◆ Given entries
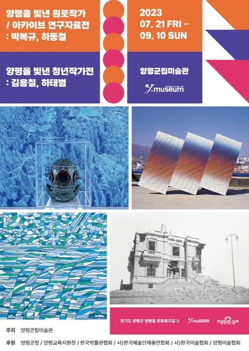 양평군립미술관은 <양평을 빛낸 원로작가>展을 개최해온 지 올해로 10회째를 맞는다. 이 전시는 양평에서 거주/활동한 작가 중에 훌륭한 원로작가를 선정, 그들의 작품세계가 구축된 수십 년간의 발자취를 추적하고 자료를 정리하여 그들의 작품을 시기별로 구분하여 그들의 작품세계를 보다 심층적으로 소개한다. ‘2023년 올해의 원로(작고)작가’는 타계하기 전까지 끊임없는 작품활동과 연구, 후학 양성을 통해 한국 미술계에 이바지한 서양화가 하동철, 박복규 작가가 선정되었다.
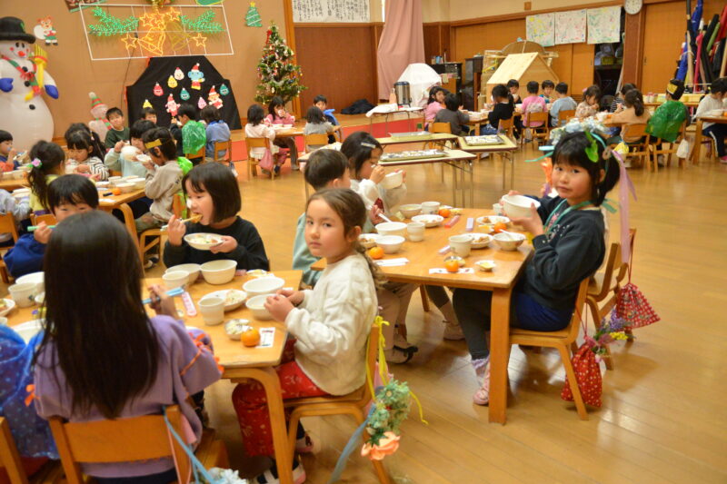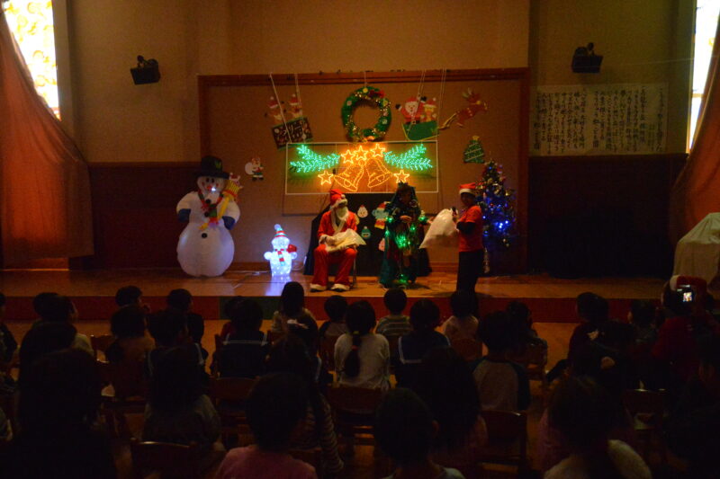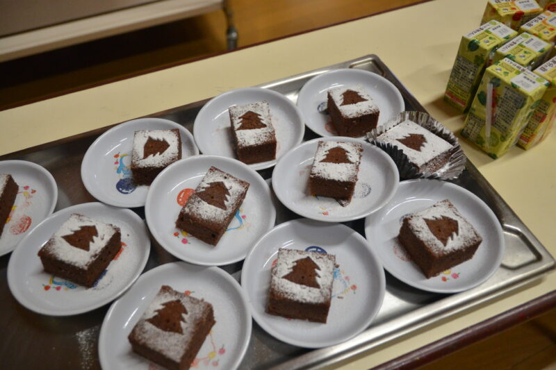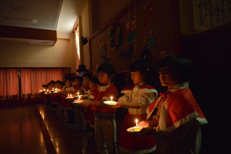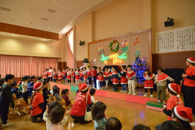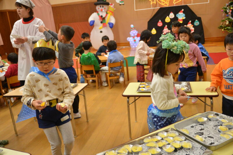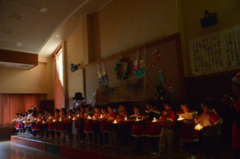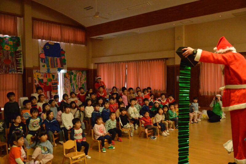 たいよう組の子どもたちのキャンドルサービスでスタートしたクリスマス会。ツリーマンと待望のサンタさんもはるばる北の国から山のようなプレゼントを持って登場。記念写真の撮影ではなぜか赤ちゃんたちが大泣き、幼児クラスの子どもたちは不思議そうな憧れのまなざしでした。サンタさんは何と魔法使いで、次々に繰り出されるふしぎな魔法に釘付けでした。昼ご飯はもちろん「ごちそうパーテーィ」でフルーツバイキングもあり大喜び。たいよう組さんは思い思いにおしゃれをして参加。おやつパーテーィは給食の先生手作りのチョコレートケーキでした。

==

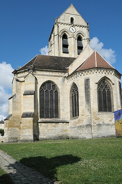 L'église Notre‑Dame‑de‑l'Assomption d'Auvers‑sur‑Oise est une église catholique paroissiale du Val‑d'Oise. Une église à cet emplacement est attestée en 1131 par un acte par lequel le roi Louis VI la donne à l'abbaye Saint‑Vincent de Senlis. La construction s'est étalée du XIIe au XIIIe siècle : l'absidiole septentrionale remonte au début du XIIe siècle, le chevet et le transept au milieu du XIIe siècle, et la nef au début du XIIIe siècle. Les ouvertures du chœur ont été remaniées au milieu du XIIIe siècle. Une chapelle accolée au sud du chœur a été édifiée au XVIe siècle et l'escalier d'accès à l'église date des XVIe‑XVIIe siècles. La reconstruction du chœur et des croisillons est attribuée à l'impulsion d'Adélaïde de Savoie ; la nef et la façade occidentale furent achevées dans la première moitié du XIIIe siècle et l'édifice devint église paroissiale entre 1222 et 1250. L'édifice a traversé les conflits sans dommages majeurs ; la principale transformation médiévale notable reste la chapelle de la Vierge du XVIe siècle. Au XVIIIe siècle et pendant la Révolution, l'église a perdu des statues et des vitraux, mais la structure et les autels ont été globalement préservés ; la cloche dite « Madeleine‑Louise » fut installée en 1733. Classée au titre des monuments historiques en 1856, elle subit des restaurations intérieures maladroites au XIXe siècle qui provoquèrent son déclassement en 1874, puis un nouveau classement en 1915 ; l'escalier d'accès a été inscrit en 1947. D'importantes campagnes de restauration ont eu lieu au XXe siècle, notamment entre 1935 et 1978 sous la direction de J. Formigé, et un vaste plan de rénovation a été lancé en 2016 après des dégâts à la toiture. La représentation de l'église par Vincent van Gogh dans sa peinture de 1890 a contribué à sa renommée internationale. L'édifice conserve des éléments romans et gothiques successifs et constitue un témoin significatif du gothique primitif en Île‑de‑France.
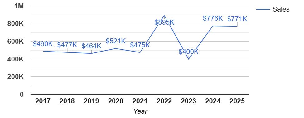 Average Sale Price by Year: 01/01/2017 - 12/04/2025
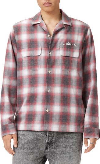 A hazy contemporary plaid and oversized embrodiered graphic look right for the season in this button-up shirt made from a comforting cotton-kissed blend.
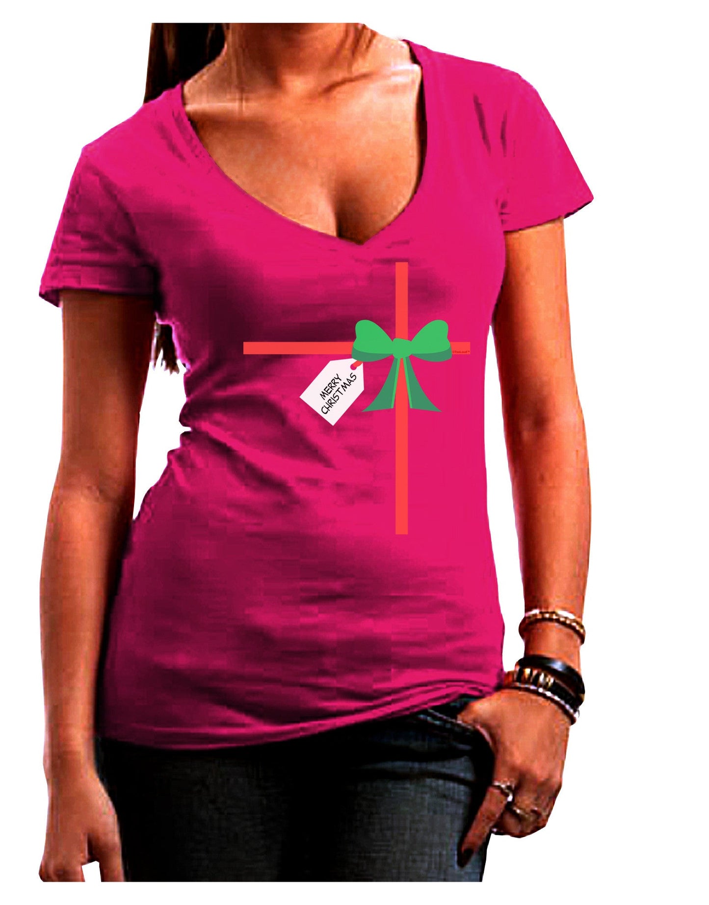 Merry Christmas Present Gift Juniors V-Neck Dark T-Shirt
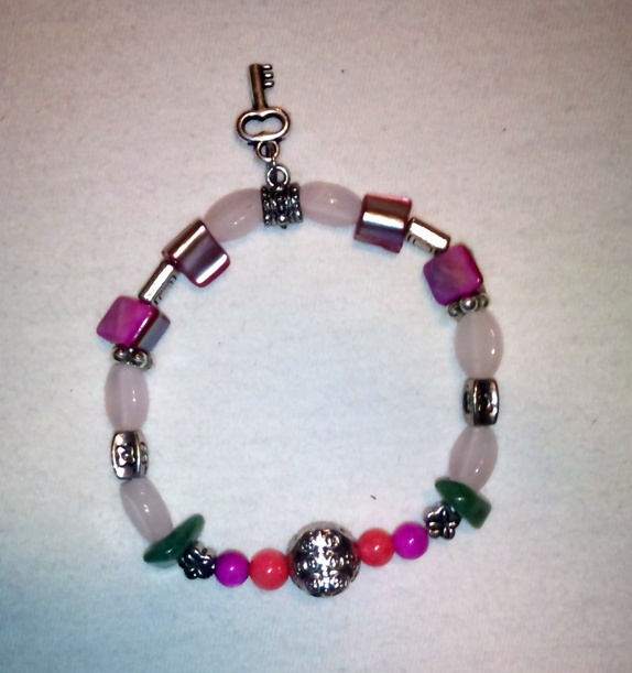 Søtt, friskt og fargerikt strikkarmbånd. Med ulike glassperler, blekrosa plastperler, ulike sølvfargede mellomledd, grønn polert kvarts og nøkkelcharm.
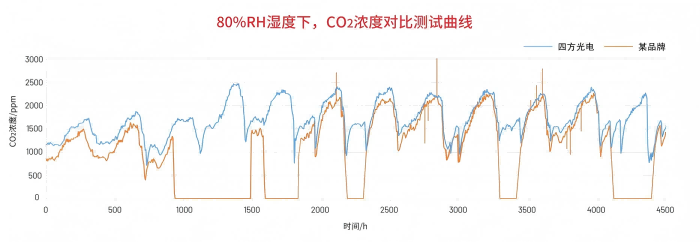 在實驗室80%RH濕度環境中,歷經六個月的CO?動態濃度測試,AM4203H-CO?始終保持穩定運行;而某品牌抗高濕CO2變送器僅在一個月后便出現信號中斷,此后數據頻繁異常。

◆ What to work on
From the line containing "Søtt, friskt og" through the line containing "在實驗室80%RH濕度環境中", copy every line above exactly, without pictures.

◆ Solved problem
 Søtt, friskt og fargerikt strikkarmbånd. Med ulike glassperler, blekrosa plastperler, ulike sølvfargede mellomledd, grønn polert kvarts og nøkkelcharm.
 在實驗室80%RH濕度環境中,歷經六個月的CO?動態濃度測試,AM4203H-CO?始終保持穩定運行;而某品牌抗高濕CO2變送器僅在一個月后便出現信號中斷,此后數據頻繁異常。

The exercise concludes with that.